La fameuse Aircraft Guaranty  avait accordé son « N » à l’avion immatriculé N11ZD.

Cela ne vous dit rien ?  Oh, ce n’est pas évident et plutôt une histoire que l’on a laissé tomber, encore une. C’est le numéro d’un petit avion que l’on a retrouvé abandonné sur le parking de l’aéroport de Portland Airport le 11 Septembre 2001, un petit Socata Tampico TB-9. Toujours enregistré Aircraft Guaranty, aujourd’hui encore !

Abandonné par un saoudien appelé Khalid Alzeedi, détenant « Zidi Aviation », qui avait transporté cet été là un dénommé Ben Laden dans son avion. Et un autre tout aussi connu appelé Mohammed Atta.

Que faisait Atta à Portland, dans le Maine ???

Atta avait pris le vol 11 d’American Airlines au départ de Boston le 28 août, deux semaines avant que ce vol ne se termine comme on l’a vu !

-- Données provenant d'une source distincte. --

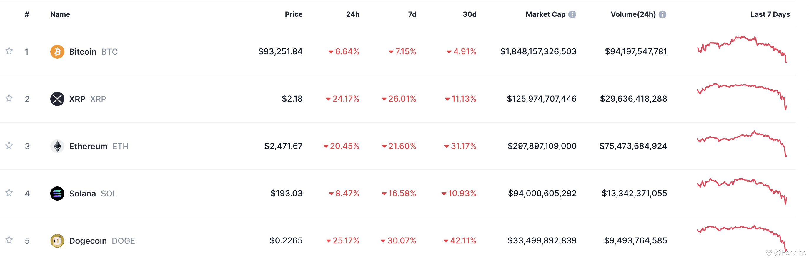 По состоянию на 08:24 по московскому времени биткоин потерял 6,5% стоимости и достиг отметки в $93 тысячи. В определённый момент цена опускалась до $92 тысяч. Ethereum за сутки подешевел на 20%, до $2475, а в моменте падал до $2326.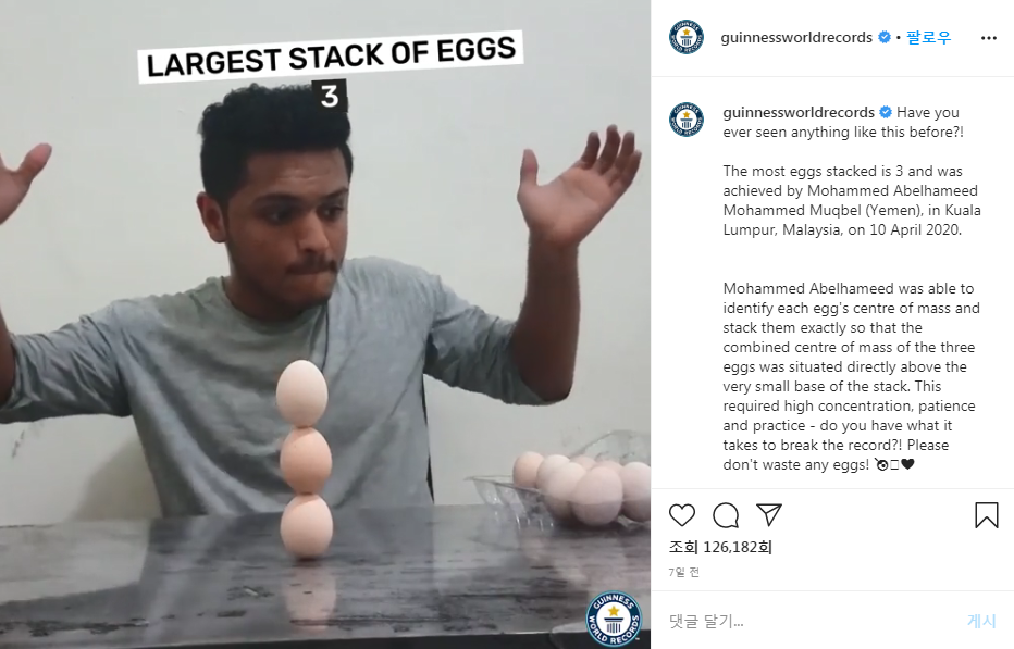 마지막으로 기네스 측은 “당신은 이 기록을 깰 생각이 있는가? 제발 계란 낭비하지 말라”고 덧붙였다.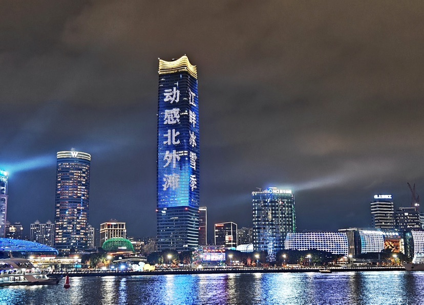 活动整体视觉设计以“红、白、金”为基调,国客中心网红地标海事塔披上巨型毛绒围巾,成为暖冬符号;新春大型艺术装置“马上有钱”空降太平路入口,为冬日滨江增添活泼亮色;冰场与市集区域则通过星星灯、铃铛、小马挂件点缀,渲染温馨绚丽节日场景。

Khalid Alzeedi vivrait depuis au Maroc. 

Selon une chaîne de télévision (Channel 5) Khalid Alzeedi était en contact avec deux agents du FBI en août 201, rencontrés dans les suites Hilton…. Alzedi avait acheté son appareil à la société Outlaw Aircraft Sales of Clarksville, Tennessee, près de Nashville.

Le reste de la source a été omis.